═══ Supplied material ═══

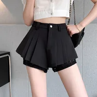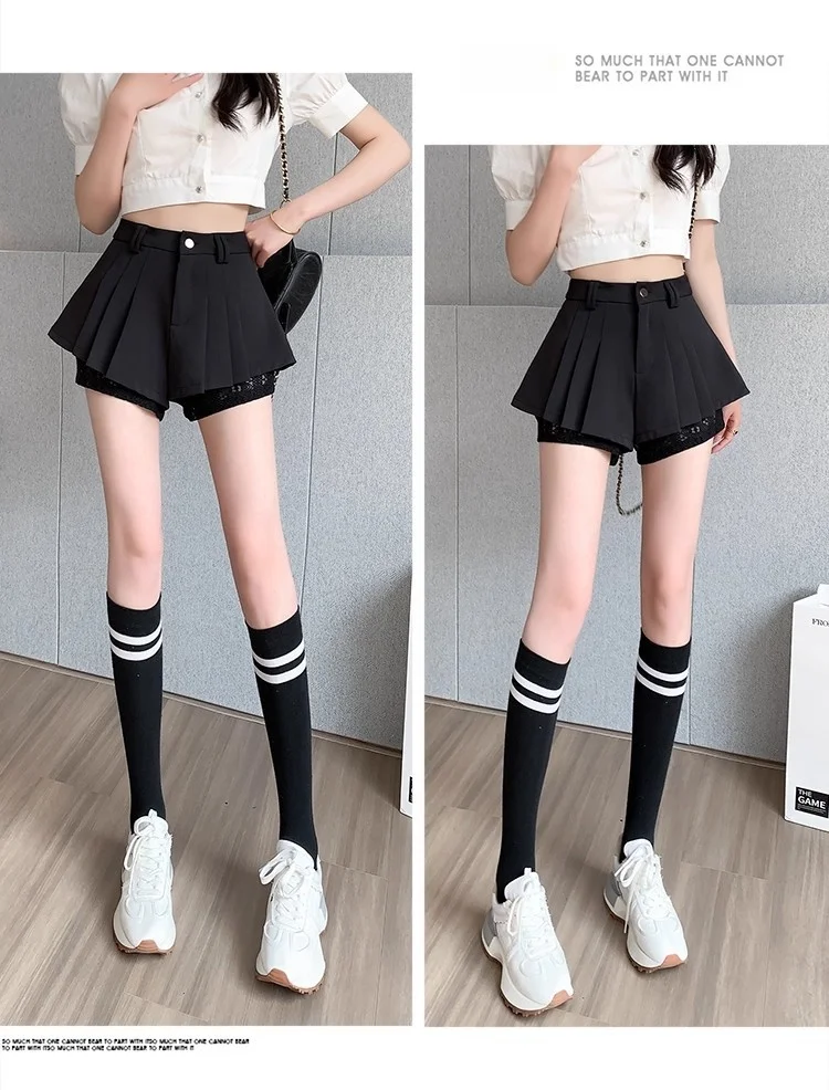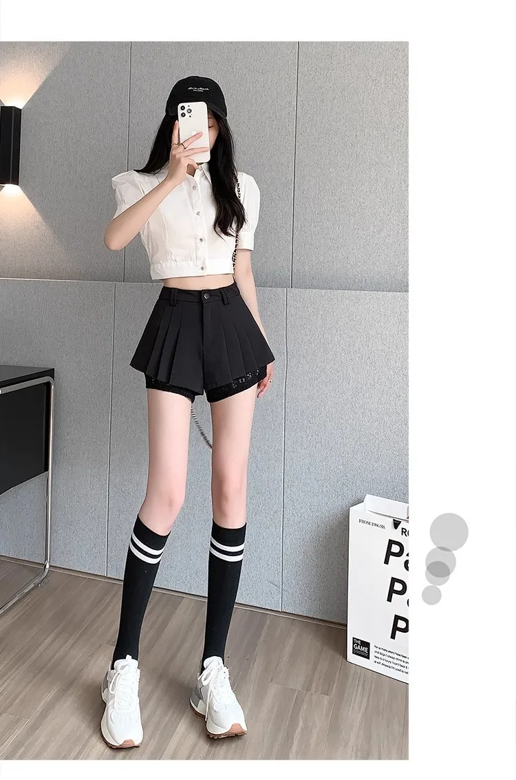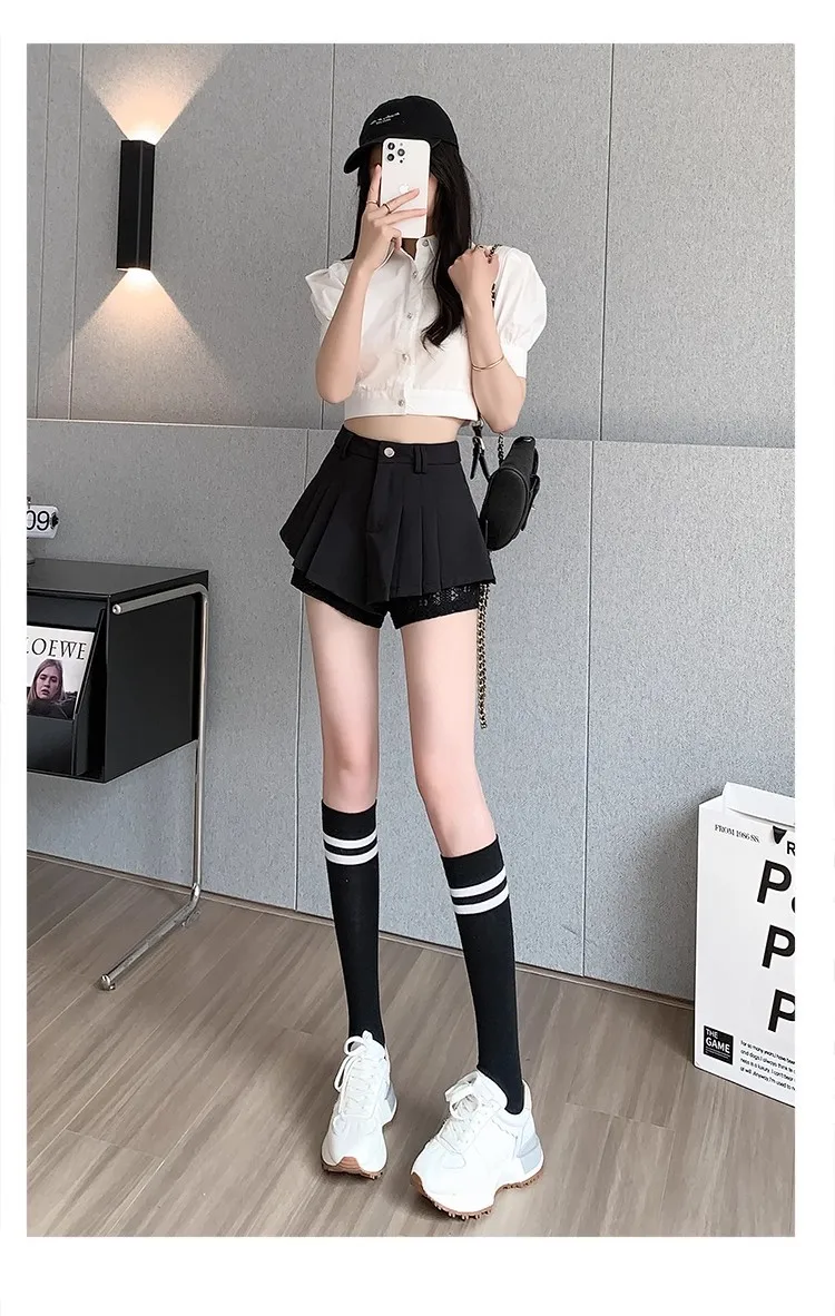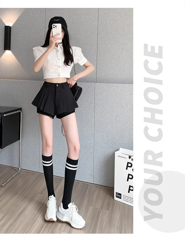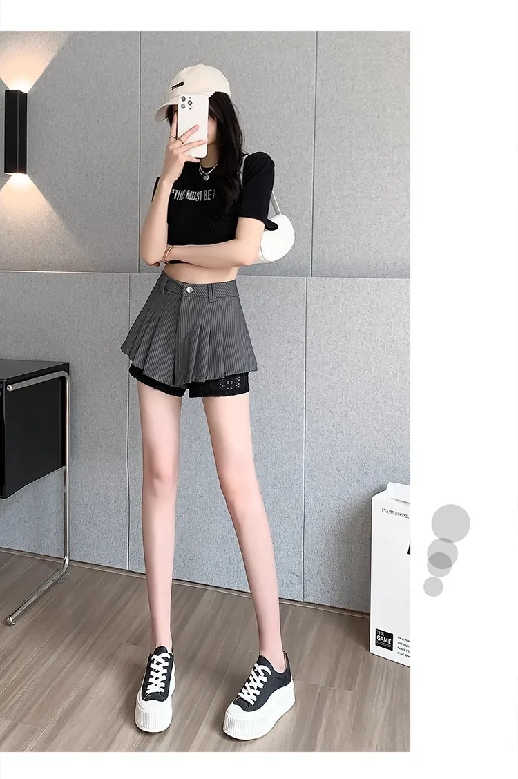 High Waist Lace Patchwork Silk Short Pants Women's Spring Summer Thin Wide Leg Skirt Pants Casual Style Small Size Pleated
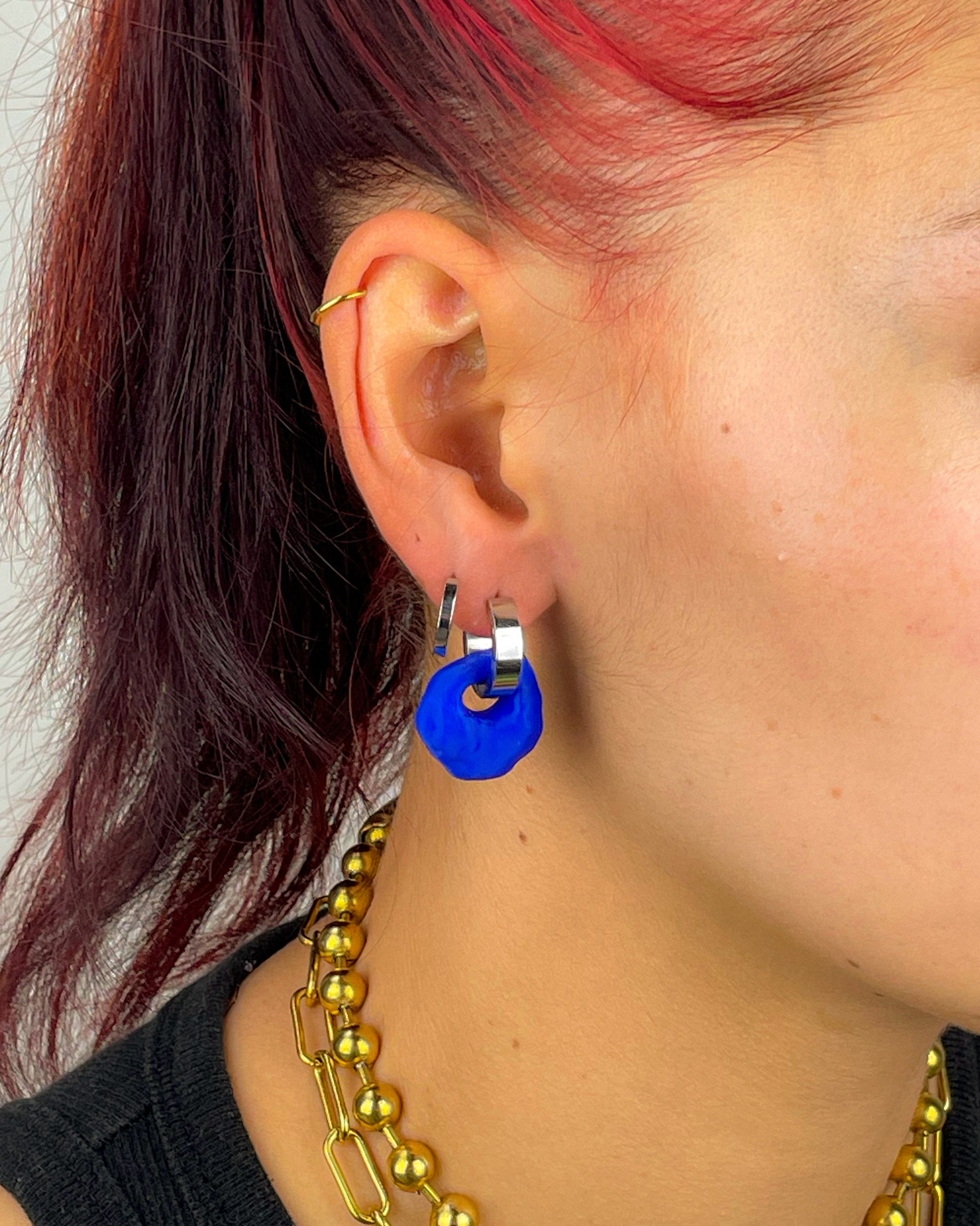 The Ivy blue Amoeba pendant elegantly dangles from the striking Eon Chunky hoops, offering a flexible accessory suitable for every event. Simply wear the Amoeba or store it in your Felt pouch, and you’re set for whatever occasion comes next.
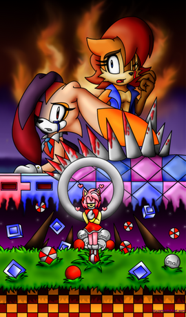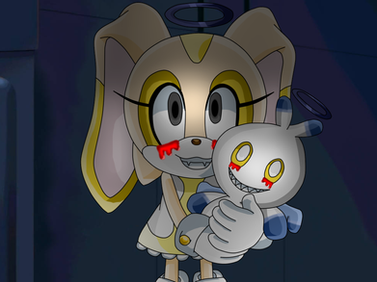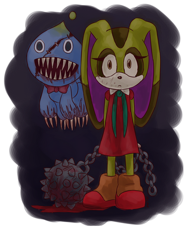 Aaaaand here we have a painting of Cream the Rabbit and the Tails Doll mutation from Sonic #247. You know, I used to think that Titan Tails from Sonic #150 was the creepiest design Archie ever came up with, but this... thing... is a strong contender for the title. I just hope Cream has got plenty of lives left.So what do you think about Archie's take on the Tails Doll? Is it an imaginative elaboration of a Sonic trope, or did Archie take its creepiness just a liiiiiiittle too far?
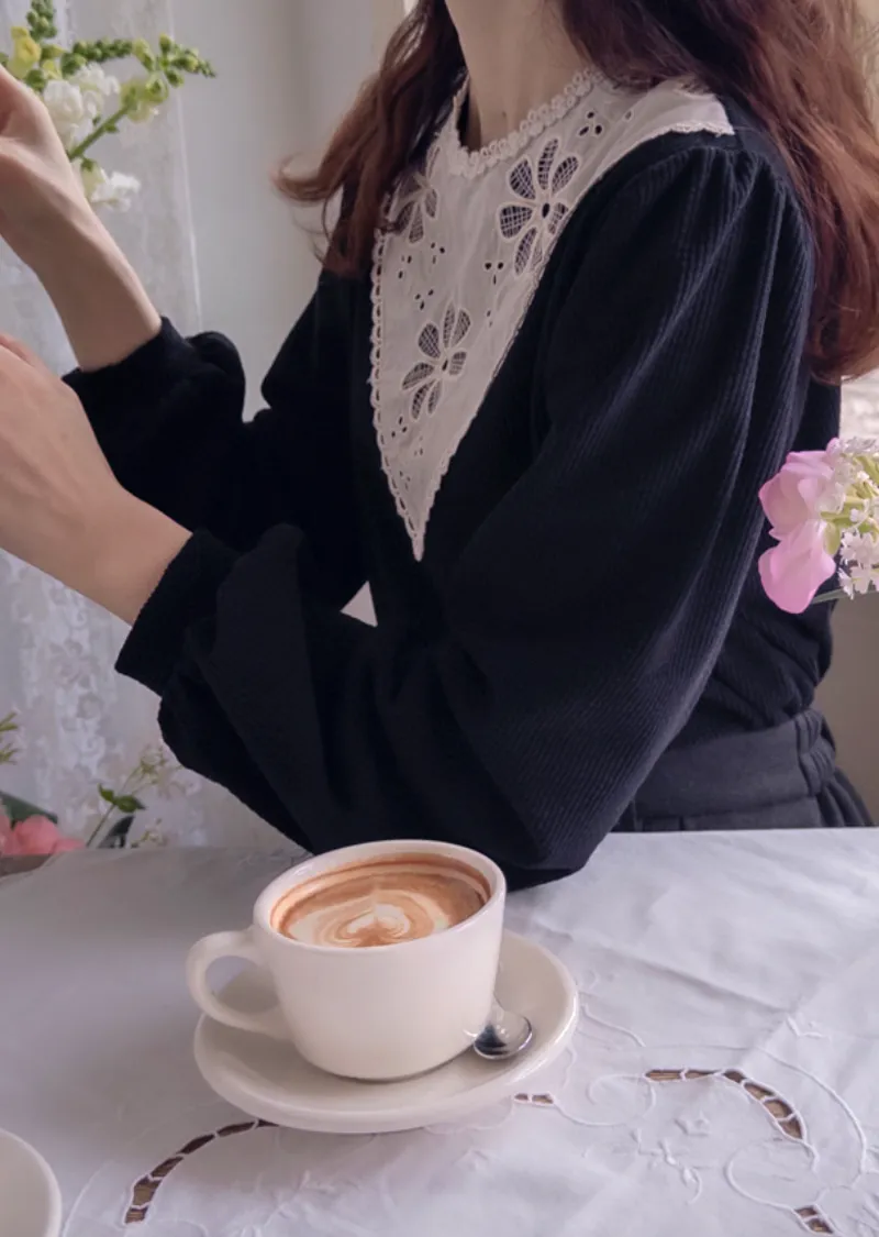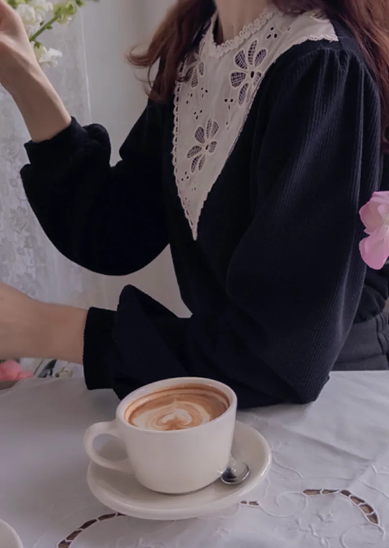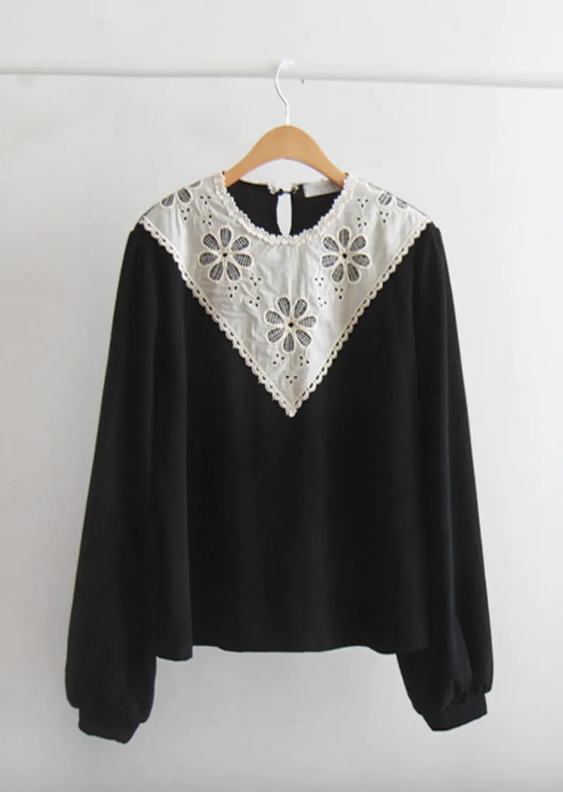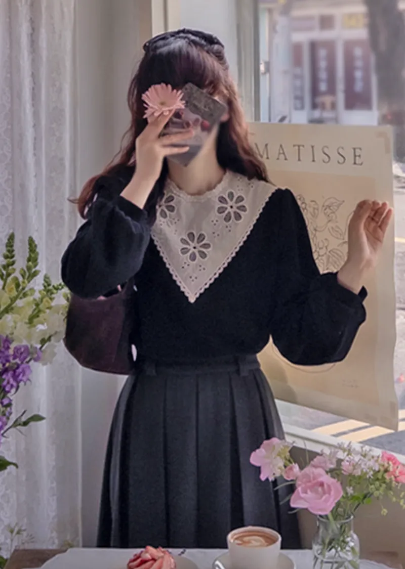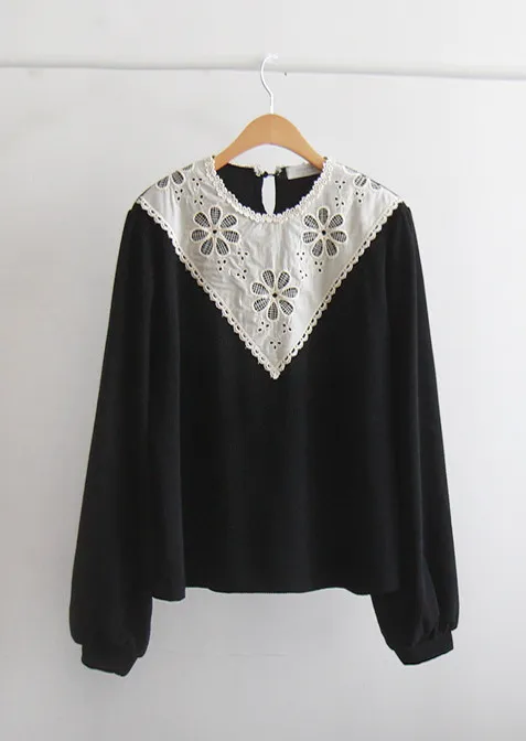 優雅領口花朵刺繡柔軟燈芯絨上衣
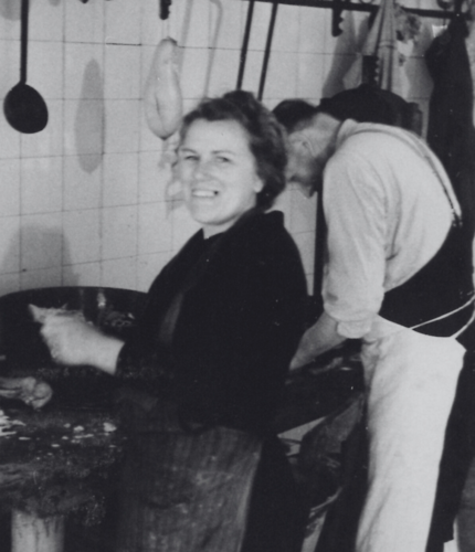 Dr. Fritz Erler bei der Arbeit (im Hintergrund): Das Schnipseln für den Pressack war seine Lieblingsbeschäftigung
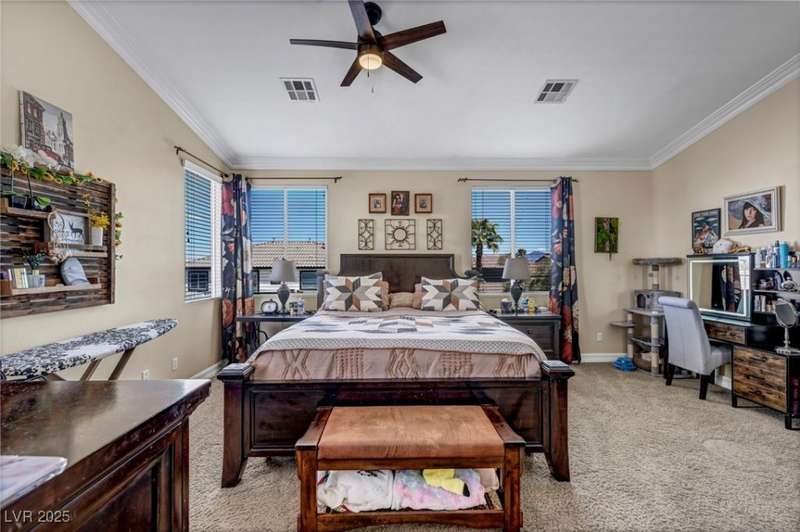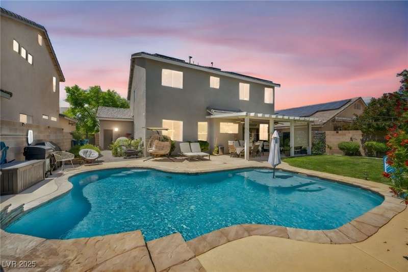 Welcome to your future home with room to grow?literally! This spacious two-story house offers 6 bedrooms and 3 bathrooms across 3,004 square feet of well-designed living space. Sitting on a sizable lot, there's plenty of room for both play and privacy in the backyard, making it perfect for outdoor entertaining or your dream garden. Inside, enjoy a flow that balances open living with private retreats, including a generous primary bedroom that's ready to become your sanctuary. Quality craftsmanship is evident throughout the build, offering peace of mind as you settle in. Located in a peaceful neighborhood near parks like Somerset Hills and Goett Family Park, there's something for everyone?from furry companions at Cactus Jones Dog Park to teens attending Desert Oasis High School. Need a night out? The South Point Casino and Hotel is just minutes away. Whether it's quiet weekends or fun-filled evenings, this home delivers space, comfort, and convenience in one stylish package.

═══

Work task - Each entry above is to be given again exactly, and any image in it is to be dropped.

Output for this exercise -
 High Waist Lace Patchwork Silk Short Pants Women's Spring Summer Thin Wide Leg Skirt Pants Casual Style Small Size Pleated
 The Ivy blue Amoeba pendant elegantly dangles from the striking Eon Chunky hoops, offering a flexible accessory suitable for every event. Simply wear the Amoeba or store it in your Felt pouch, and you’re set for whatever occasion comes next.
 Aaaaand here we have a painting of Cream the Rabbit and the Tails Doll mutation from Sonic #247. You know, I used to think that Titan Tails from Sonic #150 was the creepiest design Archie ever came up with, but this... thing... is a strong contender for the title. I just hope Cream has got plenty of lives left.So what do you think about Archie's take on the Tails Doll? Is it an imaginative elaboration of a Sonic trope, or did Archie take its creepiness just a liiiiiiittle too far?
 優雅領口花朵刺繡柔軟燈芯絨上衣
 Dr. Fritz Erler bei der Arbeit (im Hintergrund): Das Schnipseln für den Pressack war seine Lieblingsbeschäftigung
 Welcome to your future home with room to grow?literally! This spacious two-story house offers 6 bedrooms and 3 bathrooms across 3,004 square feet of well-designed living space. Sitting on a sizable lot, there's plenty of room for both play and privacy in the backyard, making it perfect for outdoor entertaining or your dream garden. Inside, enjoy a flow that balances open living with private retreats, including a generous primary bedroom that's ready to become your sanctuary. Quality craftsmanship is evident throughout the build, offering peace of mind as you settle in. Located in a peaceful neighborhood near parks like Somerset Hills and Goett Family Park, there's something for everyone?from furry companions at Cactus Jones Dog Park to teens attending Desert Oasis High School. Need a night out? The South Point Casino and Hotel is just minutes away. Whether it's quiet weekends or fun-filled evenings, this home delivers space, comfort, and convenience in one stylish package.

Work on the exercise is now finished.